>>>>
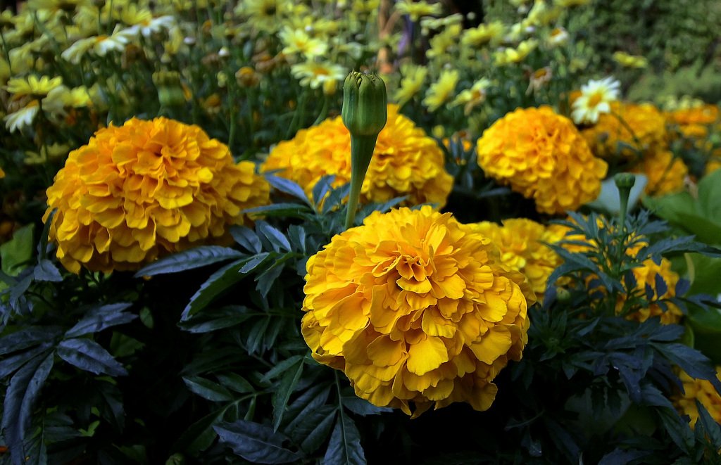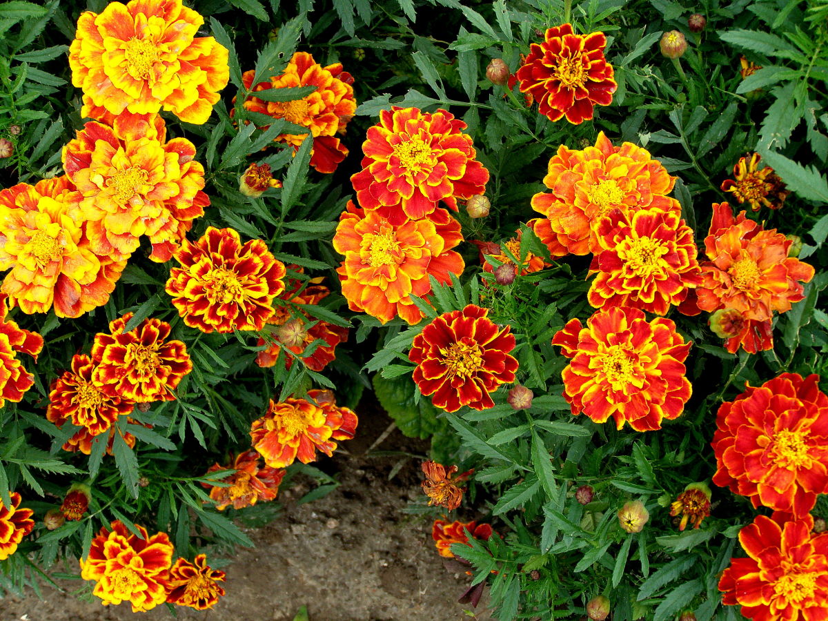 На любой клумбе бархатцы займут доминирующую позицию. В зависимости от высоты сорта их определяют на передний или средний план. Также цветы можно использовать для окантовки участка, посадки вдоль построек и в миксбордере. Стебли высоких сортов придётся подвязывать, чтобы они не заслоняли дорожку.
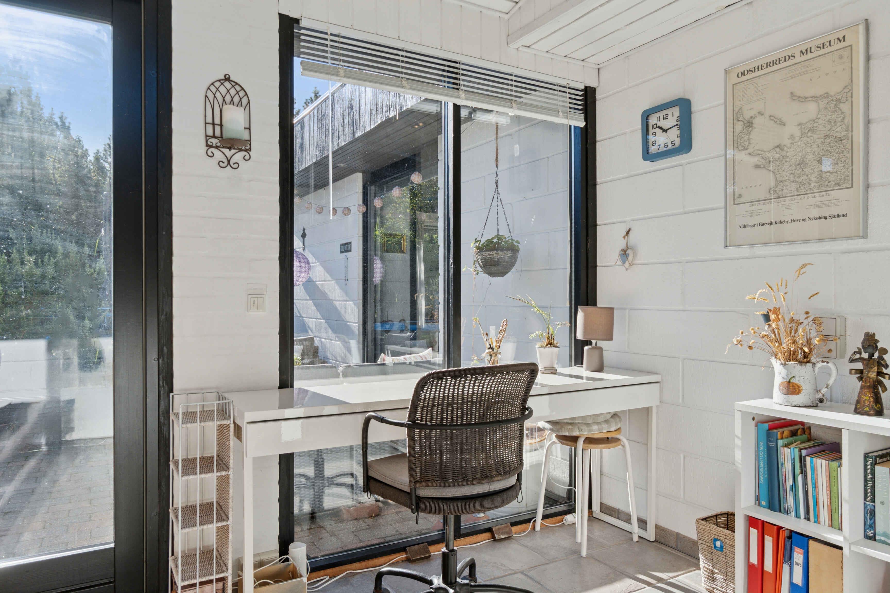 The first thing that catches your eye here is the pool. Framed by a beautiful wooden deck and completely secluded from neighbours, it’s the heart of the holiday – a place for refreshing swims, lazy hours in the sun lounger, and peaceful moments under the open sky. The pool connects directly to the house via the terrace, where the living room opens towards the sun. The horseshoe-shaped building provides shelter, allowing outdoor life to unfold undisturbed. Indoors and outdoors blend naturally – every day spent in harmony with the light. The pool is not heated but usually reaches around 24°C during the summer months. However, this cannot be guaranteed, as it depends on the weather. Inside, 101 m² await with three bedrooms and four sleeping spaces. One bedroom has two single beds, while the other two each have a single bed that can be extended to 140 cm wide. One of the rooms with a single bed has a curtain instead of a door. Two bright living rooms, both furnished comfortably, provide space for relaxation and togetherness. Classic brick-tiled floors underline the home’s unique atmosphere. Outside, there are several inviting areas. The northwest-facing, covered terrace with a barbecue invites long evenings with good food and conversation. The orangery creates an extra outdoor space – furnished for comfort and ideal for extending the season, regardless of the weather. Just 600 metres from the house lies the beach facing south towards Sejerø Bay – child-friendly and with a brand-new bathing jetty. Here you can enjoy the day’s last rays of sun and the sunset over the bay. Walking north, only 800 metres away, you reach the Kattegat and the sunrise over the sea – perfect for a morning swim or a refreshing walk. All of Odden is a true paradise for anglers. The area offers great fishing spots directly from the shore, and organised trips are available for both beginners and experienced fishers. At Odden Harbour, life buzzes with small boats and freshly caught fish. Here you’ll find Odden Fisk, where visitors queue in high season to buy fresh fish and smoked products directly from production. The place also hosts a popular lunch and dinner restaurant serving dishes made from the day’s catch, with views of the harbour. Only 500 metres from the house, on Gnibenvej, lies the acclaimed TIR Bakery – one of the area’s most popular destinations. The bakery is based on a simple yet ambitious concept: baking with biodynamic, organic, and freshly milled grains. In high season, people queue before opening to get their hands on the crisp sourdough bread and sweet temptations. The area around Sjællands Odde offers great nature experiences. The unique Geopark Odsherred, Denmark’s first UNESCO geopark, tells the story of the Ice Age-shaped landscape and invites you to explore it by foot or by bike through hills, meadows, and coastline. A short trip into Odsherred offers galleries, local specialities, and culture. Everything is nearby – but best enjoyed at a relaxed pace. Note: Not for commercial rental.
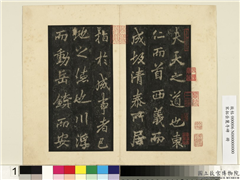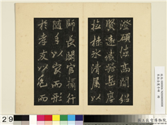 (墨搨李邕书岳麓寺碑二百六行。)夫天之道也。东仁而首。西义而成。故清泰所居。指於成事者已。地之德也。川浮而动。岳镇而安。故耆□(闍)所□(临)。取於安定者己。兹寺大柢。厥旨玄同。是以回向度门。躔于郭右。仰止浄域。列乎岩巅。宝堂岌嶪於太虚。道树森捎於曾渚。无风而林壑肃穆。不月而相事澄明。化城未真。梵天犹俗。名称殆绝。地位尝高者。不其盛欤。麓山寺者。晋太始四年之所立也。有若法崇禅师者。振锡江左。除结与
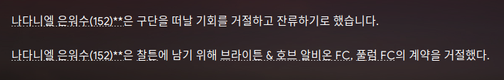 네시리.. 공격수는 기존 공격수를 활용할 예정이었으나, 현재 연패라 .. 영입했다. 골키퍼를 바꿔야 했을까? 반시즌 살아남으면 겨울이적 때 알아보자.
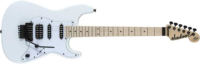 ピックアップはHSSのレイアウトで、ブリッジ・ポジションに高出力のジャクソン・オリジナル・ハイアウトプット・ハムバッキング、ネック&ミドル・ポジションにジャクソン・オリジナル・シングルコイルを搭載。フロイドローズ・スペシャル・トレモロ・ブリッジをはじめ、ハードウェアはスノー・ホワイトのボディ・カラーと相性の良いブラックで統一し、洗練された印象に仕上げている
<<<<
### WHAT TO DO
An exact copy of the listing is required, excluding any pictures.

### YOUR SOLUTION
 На любой клумбе бархатцы займут доминирующую позицию. В зависимости от высоты сорта их определяют на передний или средний план. Также цветы можно использовать для окантовки участка, посадки вдоль построек и в миксбордере. Стебли высоких сортов придётся подвязывать, чтобы они не заслоняли дорожку.
 The first thing that catches your eye here is the pool. Framed by a beautiful wooden deck and completely secluded from neighbours, it’s the heart of the holiday – a place for refreshing swims, lazy hours in the sun lounger, and peaceful moments under the open sky. The pool connects directly to the house via the terrace, where the living room opens towards the sun. The horseshoe-shaped building provides shelter, allowing outdoor life to unfold undisturbed. Indoors and outdoors blend naturally – every day spent in harmony with the light. The pool is not heated but usually reaches around 24°C during the summer months. However, this cannot be guaranteed, as it depends on the weather. Inside, 101 m² await with three bedrooms and four sleeping spaces. One bedroom has two single beds, while the other two each have a single bed that can be extended to 140 cm wide. One of the rooms with a single bed has a curtain instead of a door. Two bright living rooms, both furnished comfortably, provide space for relaxation and togetherness. Classic brick-tiled floors underline the home’s unique atmosphere. Outside, there are several inviting areas. The northwest-facing, covered terrace with a barbecue invites long evenings with good food and conversation. The orangery creates an extra outdoor space – furnished for comfort and ideal for extending the season, regardless of the weather. Just 600 metres from the house lies the beach facing south towards Sejerø Bay – child-friendly and with a brand-new bathing jetty. Here you can enjoy the day’s last rays of sun and the sunset over the bay. Walking north, only 800 metres away, you reach the Kattegat and the sunrise over the sea – perfect for a morning swim or a refreshing walk. All of Odden is a true paradise for anglers. The area offers great fishing spots directly from the shore, and organised trips are available for both beginners and experienced fishers. At Odden Harbour, life buzzes with small boats and freshly caught fish. Here you’ll find Odden Fisk, where visitors queue in high season to buy fresh fish and smoked products directly from production. The place also hosts a popular lunch and dinner restaurant serving dishes made from the day’s catch, with views of the harbour. Only 500 metres from the house, on Gnibenvej, lies the acclaimed TIR Bakery – one of the area’s most popular destinations. The bakery is based on a simple yet ambitious concept: baking with biodynamic, organic, and freshly milled grains. In high season, people queue before opening to get their hands on the crisp sourdough bread and sweet temptations. The area around Sjællands Odde offers great nature experiences. The unique Geopark Odsherred, Denmark’s first UNESCO geopark, tells the story of the Ice Age-shaped landscape and invites you to explore it by foot or by bike through hills, meadows, and coastline. A short trip into Odsherred offers galleries, local specialities, and culture. Everything is nearby – but best enjoyed at a relaxed pace. Note: Not for commercial rental.
 (墨搨李邕书岳麓寺碑二百六行。)夫天之道也。东仁而首。西义而成。故清泰所居。指於成事者已。地之德也。川浮而动。岳镇而安。故耆□(闍)所□(临)。取於安定者己。兹寺大柢。厥旨玄同。是以回向度门。躔于郭右。仰止浄域。列乎岩巅。宝堂岌嶪於太虚。道树森捎於曾渚。无风而林壑肃穆。不月而相事澄明。化城未真。梵天犹俗。名称殆绝。地位尝高者。不其盛欤。麓山寺者。晋太始四年之所立也。有若法崇禅师者。振锡江左。除结与
 네시리.. 공격수는 기존 공격수를 활용할 예정이었으나, 현재 연패라 .. 영입했다. 골키퍼를 바꿔야 했을까? 반시즌 살아남으면 겨울이적 때 알아보자.
 ピックアップはHSSのレイアウトで、ブリッジ・ポジションに高出力のジャクソン・オリジナル・ハイアウトプット・ハムバッキング、ネック&ミドル・ポジションにジャクソン・オリジナル・シングルコイルを搭載。フロイドローズ・スペシャル・トレモロ・ブリッジをはじめ、ハードウェアはスノー・ホワイトのボディ・カラーと相性の良いブラックで統一し、洗練された印象に仕上げている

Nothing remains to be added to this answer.